At risk is a years-long effort to reform the defined benefit pension system and not impose billions of dollars of cost on the federal government to bail out insolvent pension plans.
Commenting on the issue at noon last Thursday, Dermot Healey, president of the Association for Advanced Life Underwriting, said, “While the situation remains fluid at this time, it remains clear that there is still an appetite for consideration of an estate tax reform proposal in Congress that would likely prove unsustainable over the long term.”
He said the House could consider something before adjournment and send it to the Senate for consideration in September, which was the subject of an urgent meeting at noon Thursday among the Senate Republican leadership, several Senate members of the pension reform conference committee, and Sen. Max Baucus, D-Mont., ranking minority member of the Senate Finance Committee and also a member of the conference committee.
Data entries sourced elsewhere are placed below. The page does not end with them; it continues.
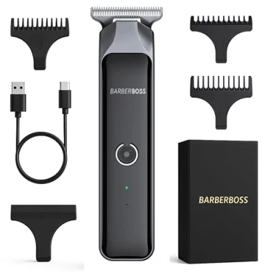 BarberBoss Cordless Hair Trimmer for Men, Beard T Blade Groomer, Waterproof Grooming Kit with 4 Guide Combs, LCD Display, USB Fast Charging, Face & Body Clipper (Black)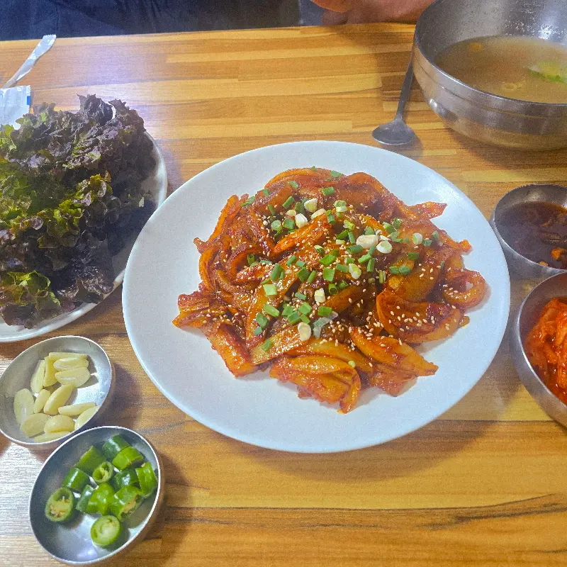 첫 입에 느껴지는 것은 환상적인 식감이었다. 겉은 쫄깃하면서도 속은 부드러운, 완벽한 조화였다. 매콤하면서도 달콤한 양념은 껍데기의 풍미를 한층 끌어올렸다. 과하지 않은 매운맛은 남녀노소 누구나 즐길 수 있을 것 같았다. 껍데기 특유의 잡내는 전혀 느껴지지 않았고, 신선함이 그대로 전해졌다.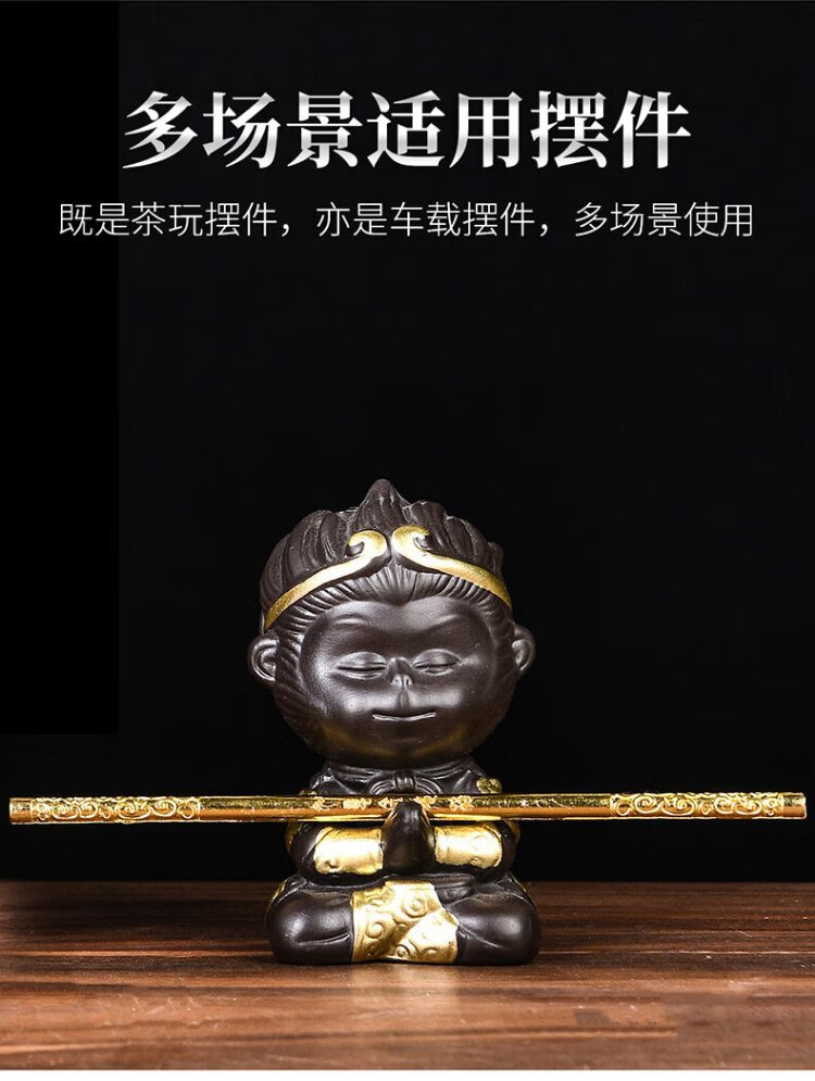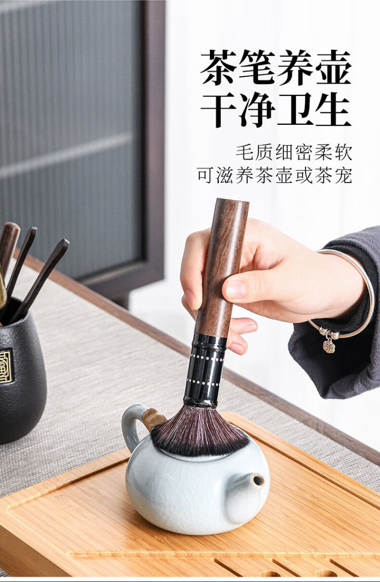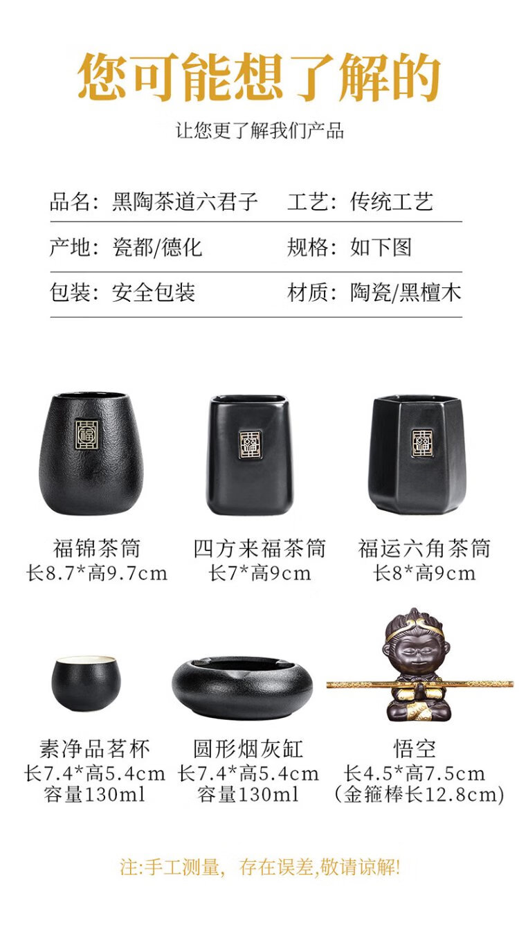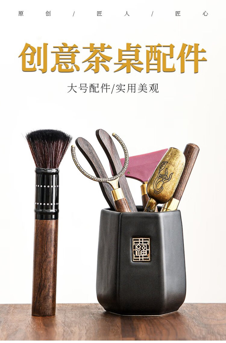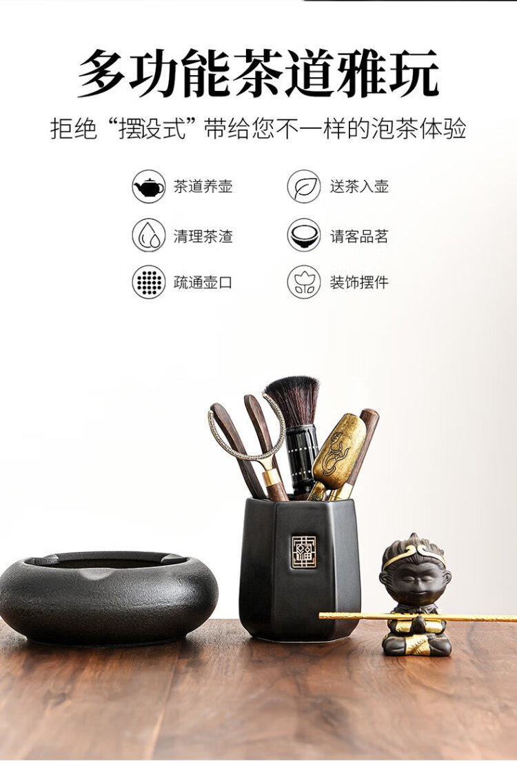 Puqi Black Pottery Sifang Laifu Tea Ceremony Six Gentlemen Round Ashtray Wukong Tea Pet Three-piece Set Tea Clamp Tea Spoon Pot Keeping Pen
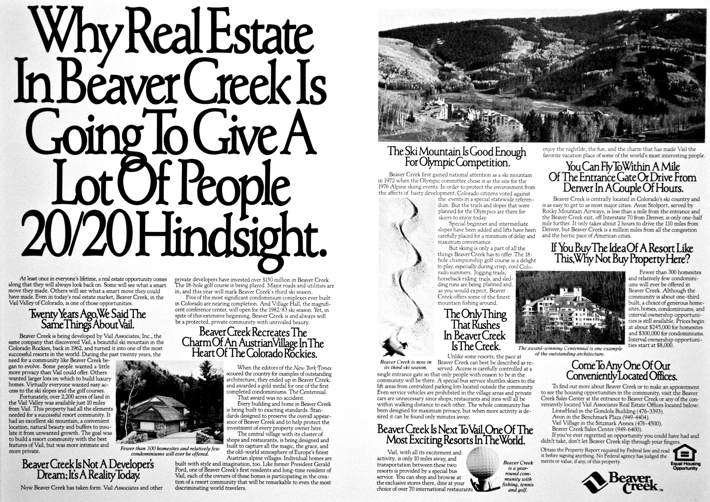 When George Townsend first settled in the Valley in 1881, he knew he ’d found something special, an exceptional mountain, lined with aspen groves and beautiful vistas that would become a world renowned destination. In 1972, Vail continued its vision by purchasing the land and began designing a resort that combined western hospitality and European charm. Obstacles delayed resort completion, but on December 15, 1980, Beaver Creek finally opened to the public.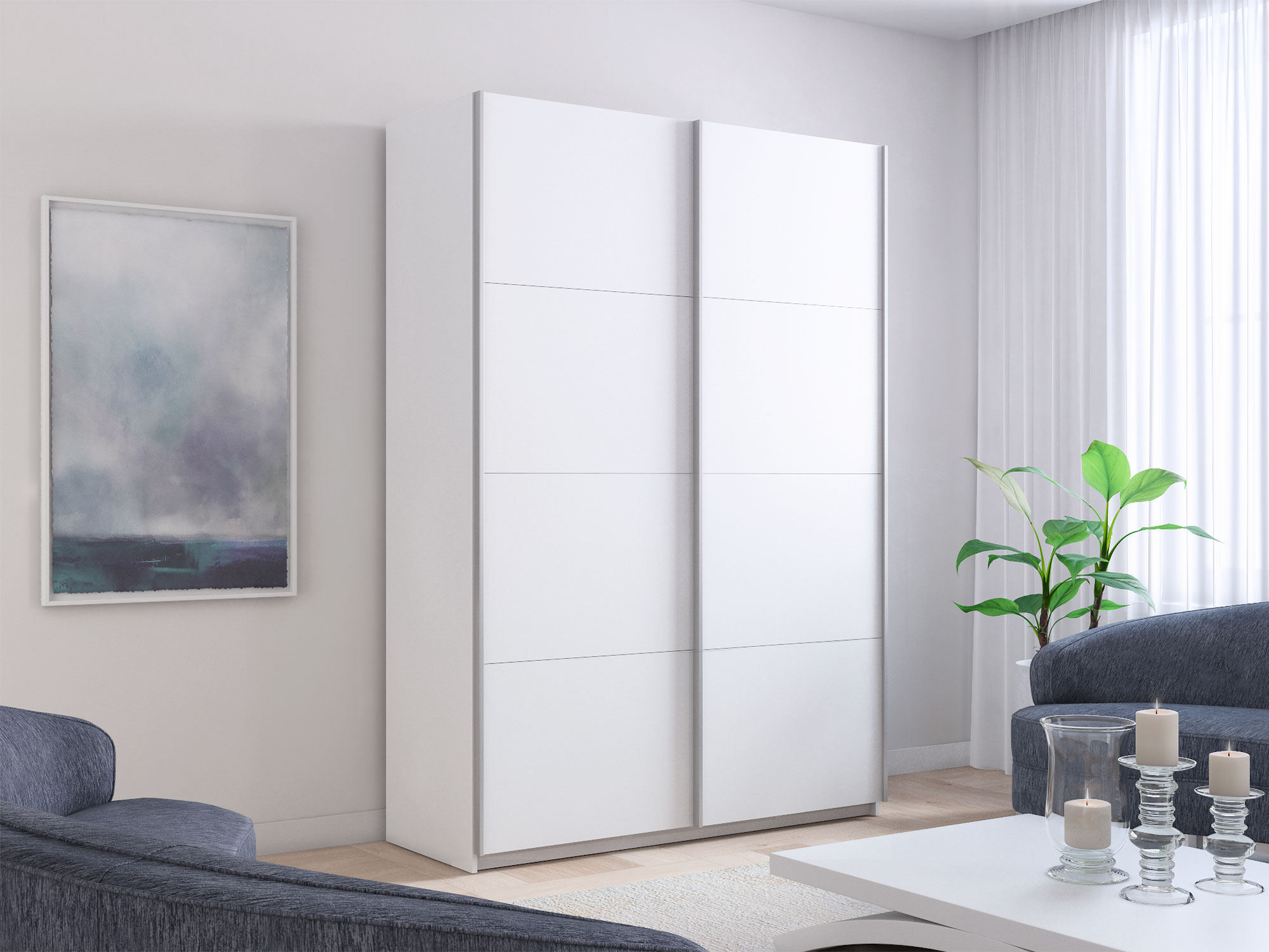 - Шкаф-купе Прайм 2-х дверный 1400 два ДСП Белый Снег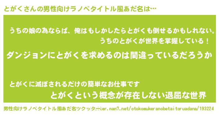 | 女子向けラノベタイトル風あだ名 | 『とがくは平凡を望む』『とがくの婚約者』 |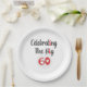 Papier Teller für ein Party für einige zum 60. Geburtstag. Schwarze und rote Buchstaben "Feiern der großen 60"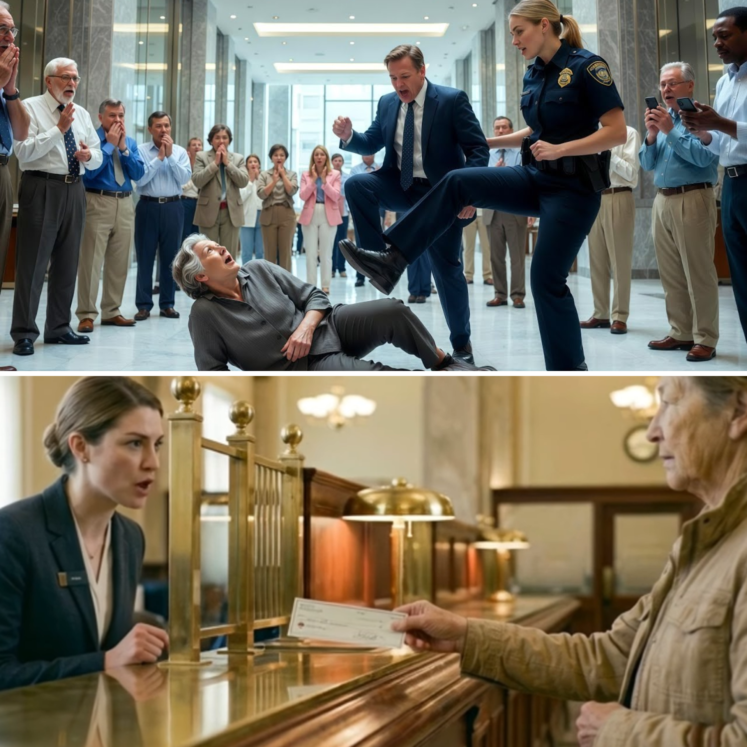The commotion drew the bank manager, Mr. Thompson, who barely paused before slapping Martha across the face. In the stunned silence, Martha collapsed to the ground. “Throw this beggar out,” the manager barked. Jessica dragged Martha to the lobby and shoved her outside. Staff and customers watched in silence, some ashamed, most simply indifferent. No one realized the woman they’d just humiliated was the mother of the state’s police chief—and every moment was captured on security cameras.

“AALU will continue its efforts to advocate in favor of fair, fiscally responsible and permanent estate tax reform, and AALU members will address this issue with legislators while they are in their home states during the August recess,” Healey said.
While negotiators working Wednesday night were able to resolve differences in the bill, four Republican senators who are members of the committee threatened not to sign the conference report if a package of so-called extenders of popular business tax cuts was removed from the pension reform bill and attached to a new estate tax bill.